### Exercise objective
Transcribe the entries below exactly, starting with the line that has "KRZAK TAWUŁY NIEŚMIAŁO" and stopping after the line that has "Stick Uccellino 11x7,5"; no pictures belong in the copy.

___ Records supplied

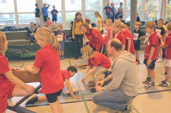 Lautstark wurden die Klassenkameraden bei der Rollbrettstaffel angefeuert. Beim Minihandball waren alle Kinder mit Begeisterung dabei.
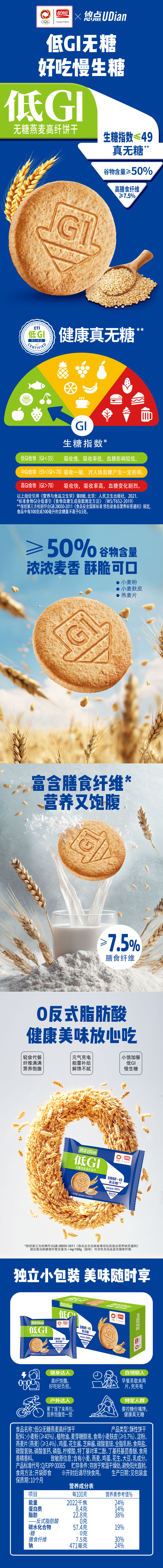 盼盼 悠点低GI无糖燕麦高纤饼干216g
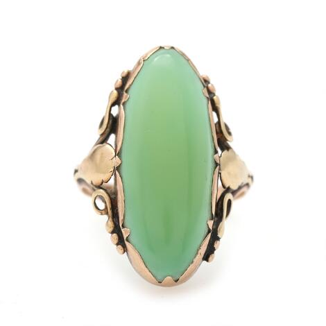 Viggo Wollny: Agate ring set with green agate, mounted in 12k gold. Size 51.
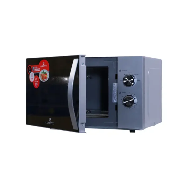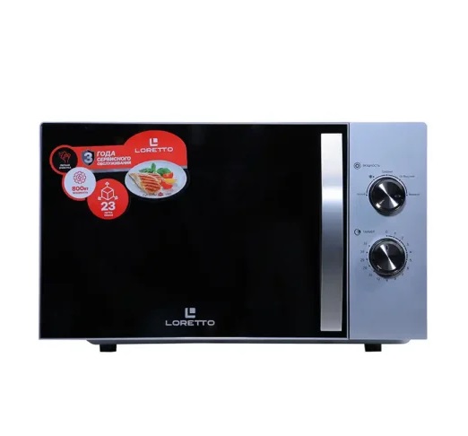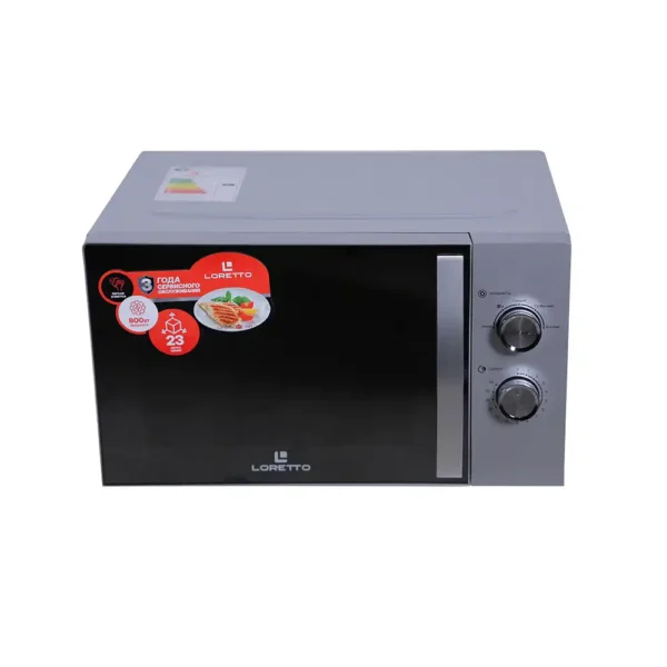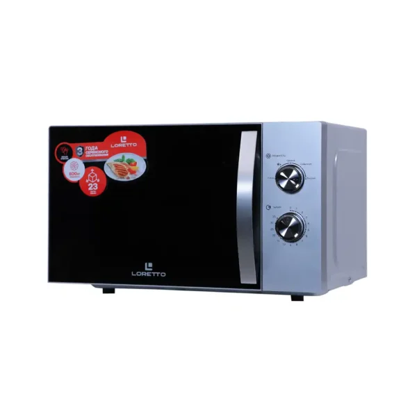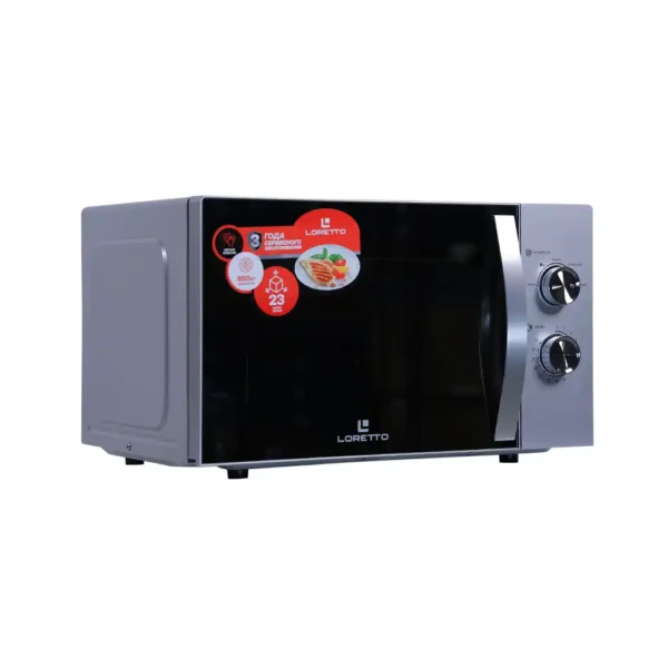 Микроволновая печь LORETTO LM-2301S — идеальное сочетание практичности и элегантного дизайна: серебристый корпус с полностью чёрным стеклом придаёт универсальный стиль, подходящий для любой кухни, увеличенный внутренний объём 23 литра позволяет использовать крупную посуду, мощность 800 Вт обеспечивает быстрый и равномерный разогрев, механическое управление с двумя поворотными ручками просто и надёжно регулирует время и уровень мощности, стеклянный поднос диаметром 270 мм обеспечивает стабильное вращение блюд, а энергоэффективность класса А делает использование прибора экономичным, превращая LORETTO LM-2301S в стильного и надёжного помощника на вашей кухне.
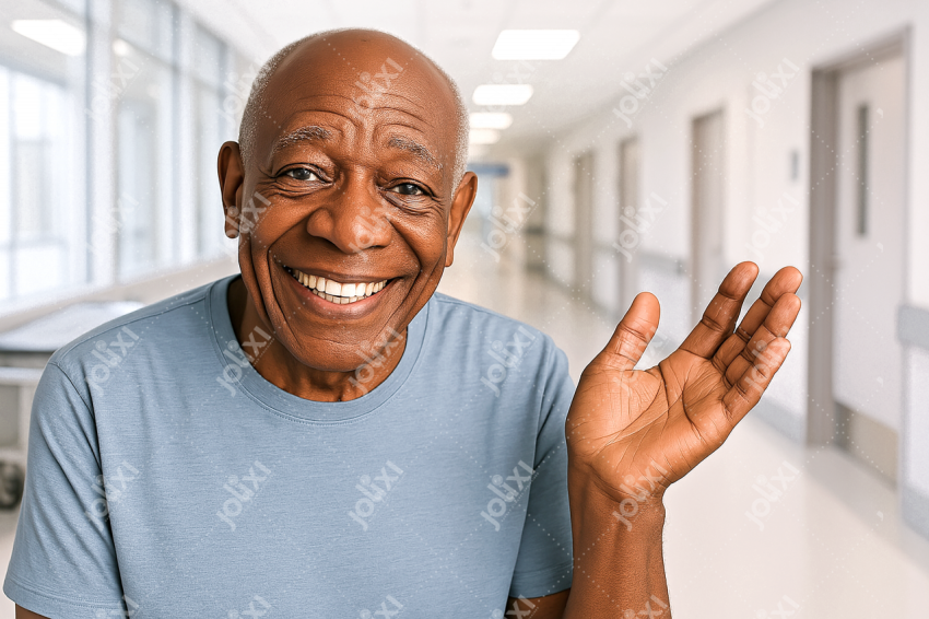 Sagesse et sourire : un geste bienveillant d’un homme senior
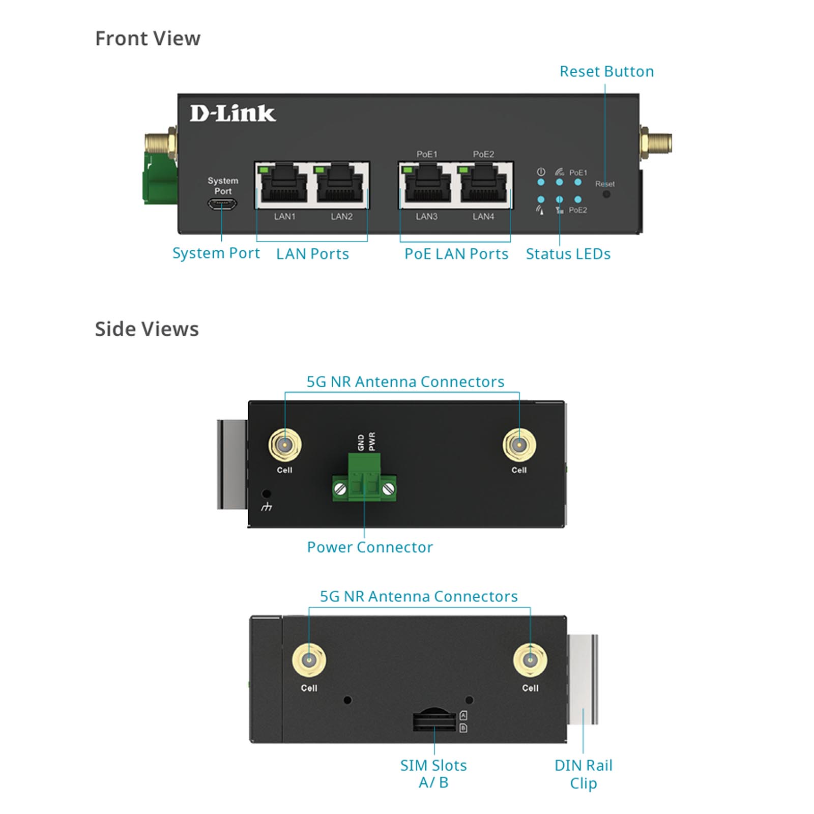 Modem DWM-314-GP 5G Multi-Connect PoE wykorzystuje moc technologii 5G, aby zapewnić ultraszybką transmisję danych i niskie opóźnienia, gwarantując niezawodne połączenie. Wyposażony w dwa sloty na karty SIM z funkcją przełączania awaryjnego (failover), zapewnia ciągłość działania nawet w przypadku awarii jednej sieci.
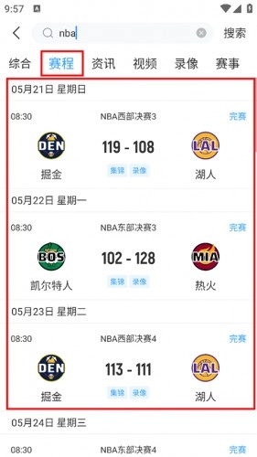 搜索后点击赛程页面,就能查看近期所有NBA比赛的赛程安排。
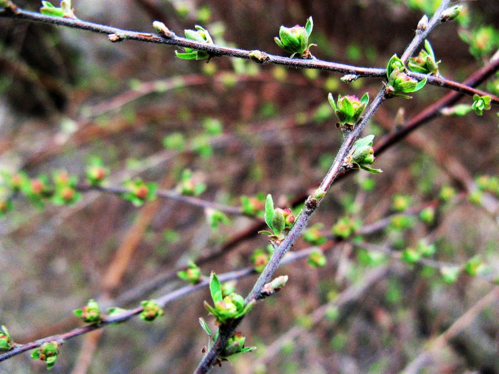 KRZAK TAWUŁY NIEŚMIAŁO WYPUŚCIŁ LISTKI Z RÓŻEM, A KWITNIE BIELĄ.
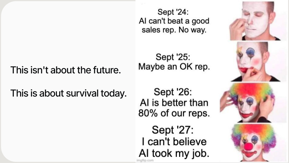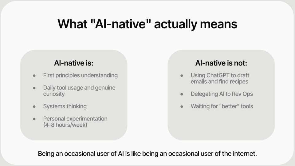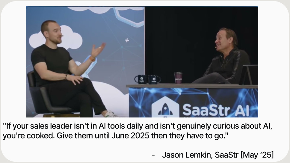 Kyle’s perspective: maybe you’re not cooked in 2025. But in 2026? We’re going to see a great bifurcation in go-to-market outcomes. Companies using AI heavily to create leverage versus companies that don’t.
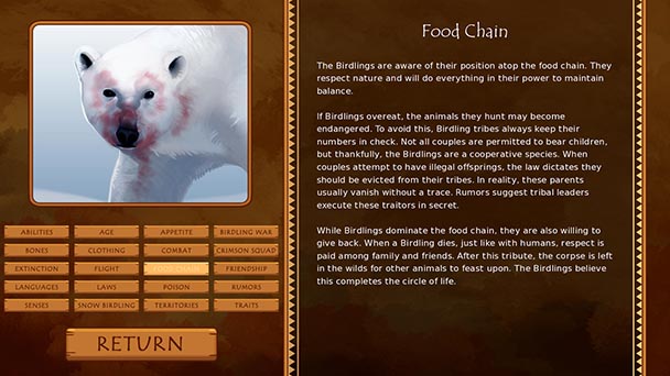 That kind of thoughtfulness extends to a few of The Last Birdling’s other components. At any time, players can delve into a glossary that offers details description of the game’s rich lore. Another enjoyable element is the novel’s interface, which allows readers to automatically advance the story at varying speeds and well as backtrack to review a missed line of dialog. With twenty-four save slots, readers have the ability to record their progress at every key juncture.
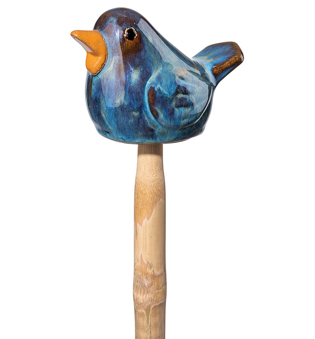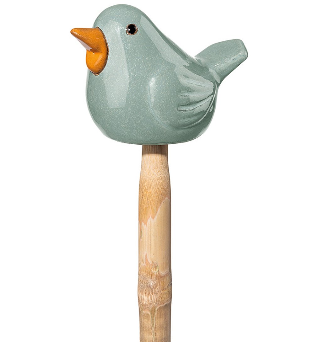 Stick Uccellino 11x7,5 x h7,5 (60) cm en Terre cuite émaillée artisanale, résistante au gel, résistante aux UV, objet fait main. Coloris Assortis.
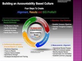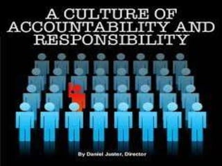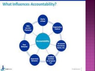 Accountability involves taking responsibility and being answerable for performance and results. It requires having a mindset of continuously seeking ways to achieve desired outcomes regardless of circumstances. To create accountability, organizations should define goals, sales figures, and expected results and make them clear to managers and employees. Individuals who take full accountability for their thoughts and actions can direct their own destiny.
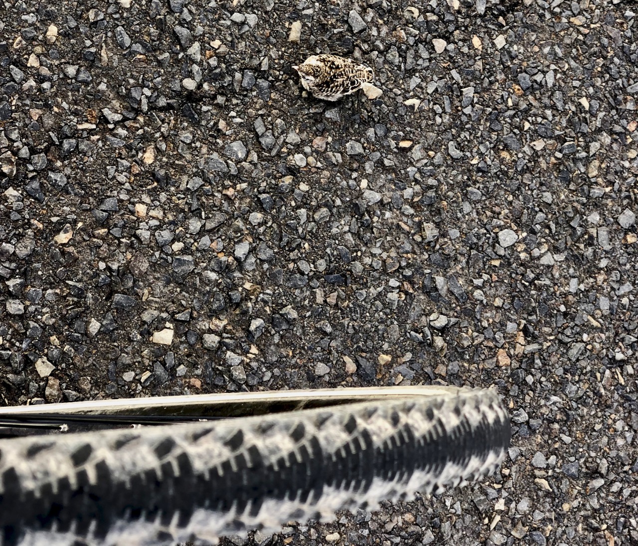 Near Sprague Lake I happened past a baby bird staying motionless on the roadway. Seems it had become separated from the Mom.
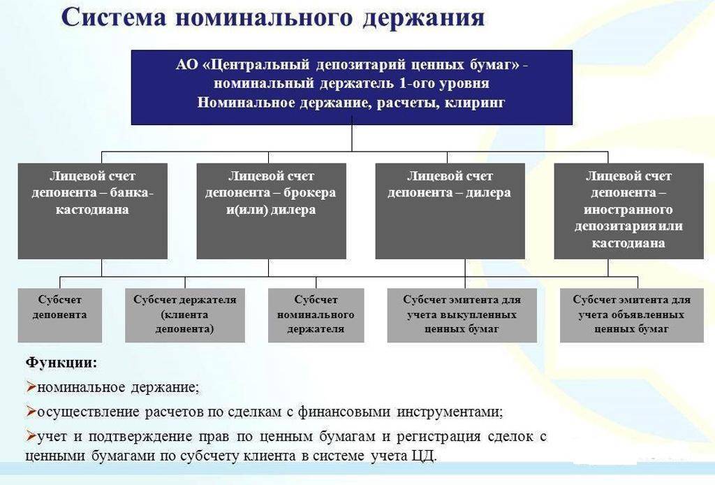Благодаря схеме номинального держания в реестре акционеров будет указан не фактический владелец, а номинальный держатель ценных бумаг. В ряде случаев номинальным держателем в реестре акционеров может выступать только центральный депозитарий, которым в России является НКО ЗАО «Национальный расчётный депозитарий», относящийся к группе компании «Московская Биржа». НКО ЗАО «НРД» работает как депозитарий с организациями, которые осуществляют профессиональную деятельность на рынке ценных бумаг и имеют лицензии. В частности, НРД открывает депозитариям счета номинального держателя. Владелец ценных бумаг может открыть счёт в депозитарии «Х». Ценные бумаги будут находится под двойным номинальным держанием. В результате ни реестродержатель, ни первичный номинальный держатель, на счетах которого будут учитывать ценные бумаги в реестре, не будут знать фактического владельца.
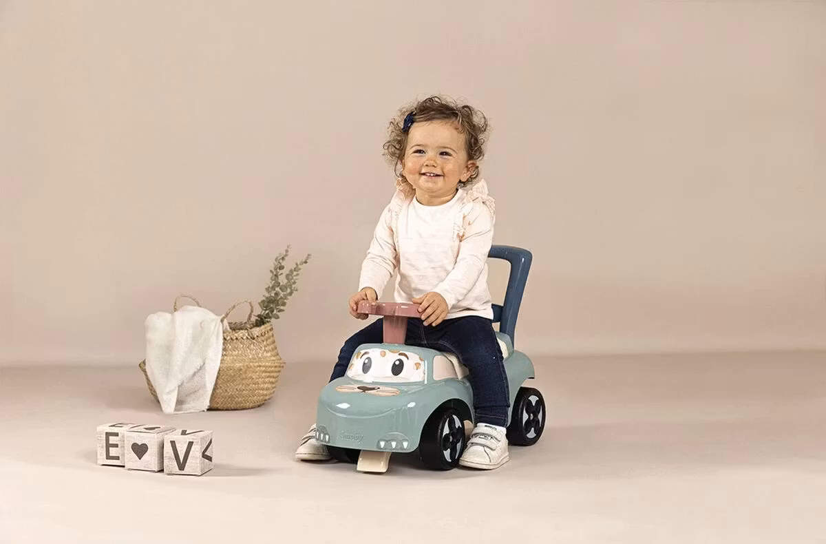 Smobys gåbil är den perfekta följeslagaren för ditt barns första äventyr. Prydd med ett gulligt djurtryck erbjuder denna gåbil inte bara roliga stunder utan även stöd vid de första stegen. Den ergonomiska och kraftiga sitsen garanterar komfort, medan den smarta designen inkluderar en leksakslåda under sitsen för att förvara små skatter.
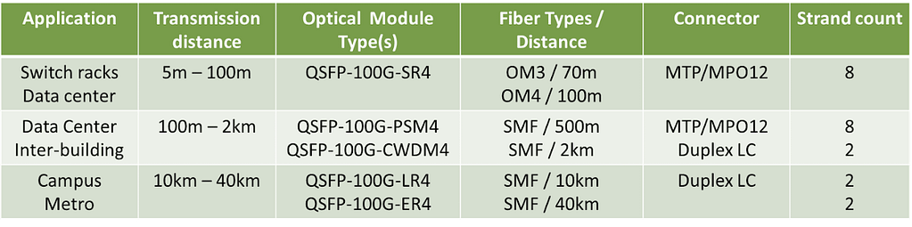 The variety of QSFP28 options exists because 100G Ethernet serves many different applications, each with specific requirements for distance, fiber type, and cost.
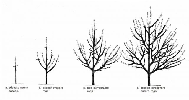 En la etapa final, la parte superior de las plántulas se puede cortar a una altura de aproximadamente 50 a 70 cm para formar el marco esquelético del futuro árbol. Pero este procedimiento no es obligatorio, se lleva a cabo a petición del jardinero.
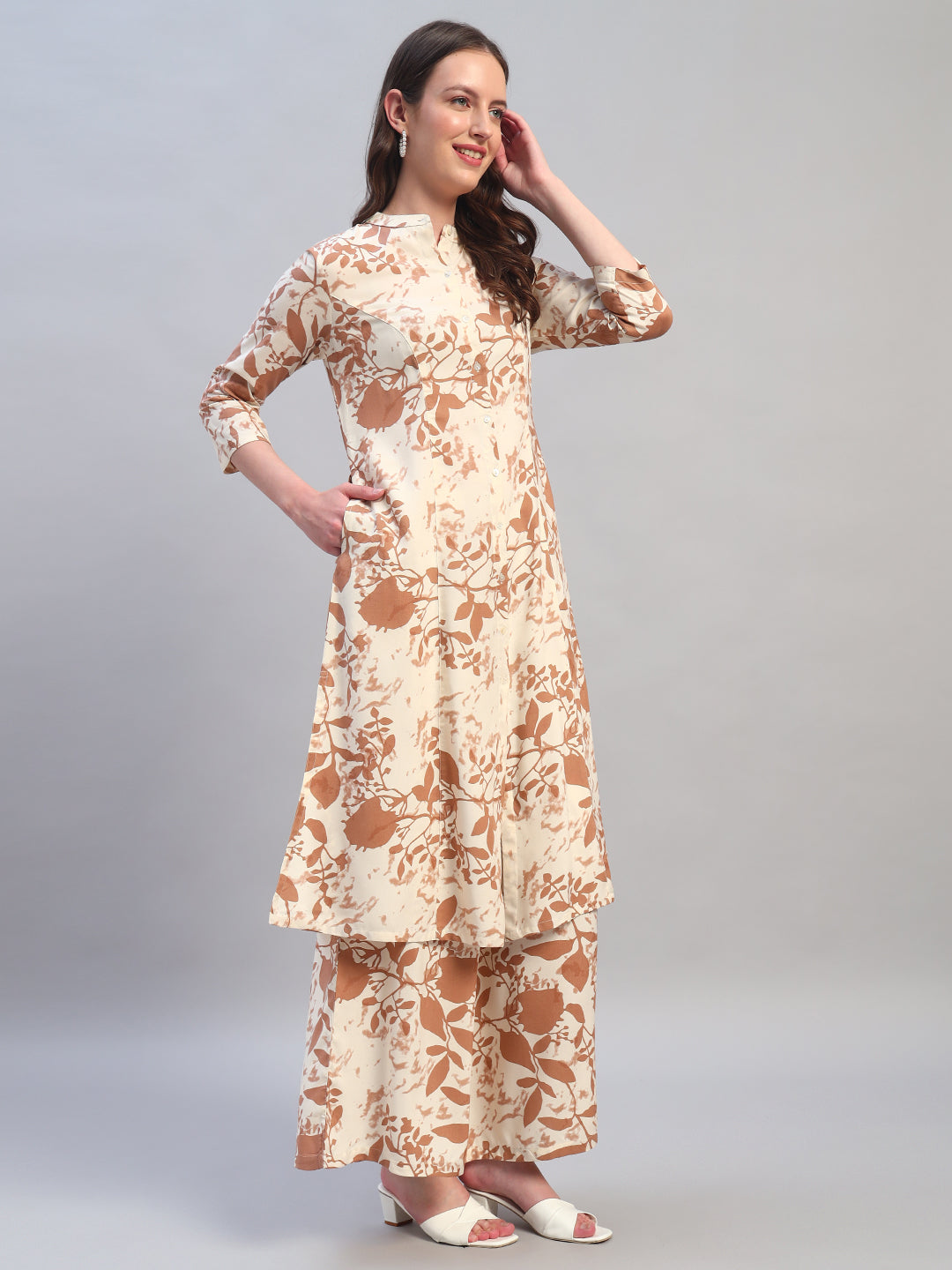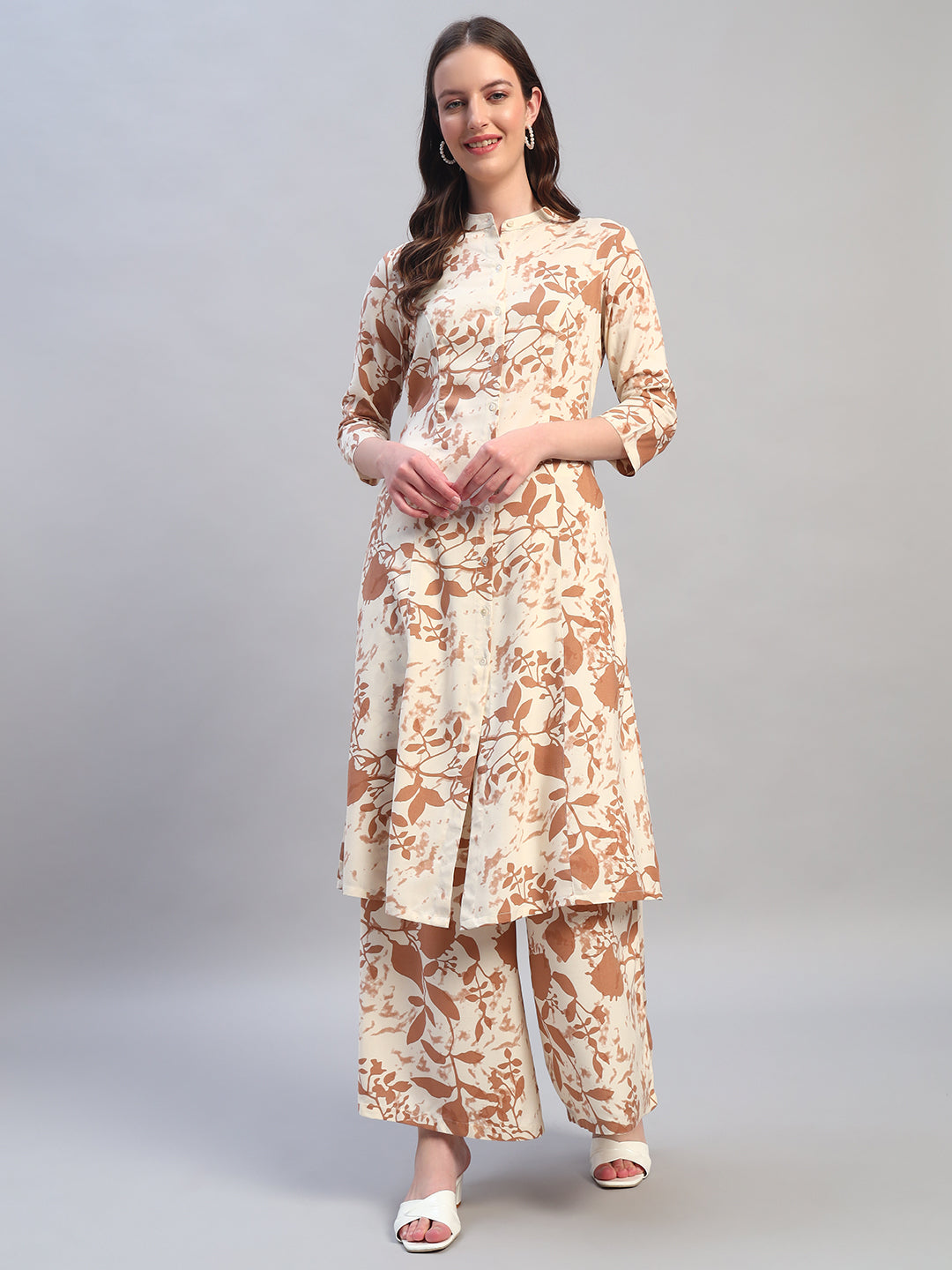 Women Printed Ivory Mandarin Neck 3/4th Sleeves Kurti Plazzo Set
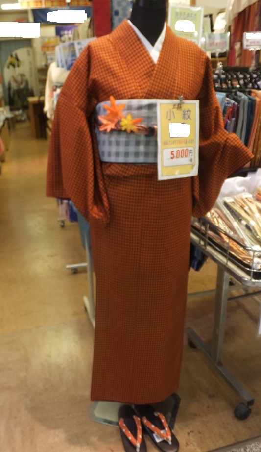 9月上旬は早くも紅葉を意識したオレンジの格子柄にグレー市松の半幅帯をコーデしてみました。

______

### Your response
 KRZAK TAWUŁY NIEŚMIAŁO WYPUŚCIŁ LISTKI Z RÓŻEM, A KWITNIE BIELĄ.
 Kyle’s perspective: maybe you’re not cooked in 2025. But in 2026? We’re going to see a great bifurcation in go-to-market outcomes. Companies using AI heavily to create leverage versus companies that don’t.
 That kind of thoughtfulness extends to a few of The Last Birdling’s other components. At any time, players can delve into a glossary that offers details description of the game’s rich lore. Another enjoyable element is the novel’s interface, which allows readers to automatically advance the story at varying speeds and well as backtrack to review a missed line of dialog. With twenty-four save slots, readers have the ability to record their progress at every key juncture.
 Stick Uccellino 11x7,5 x h7,5 (60) cm en Terre cuite émaillée artisanale, résistante au gel, résistante aux UV, objet fait main. Coloris Assortis.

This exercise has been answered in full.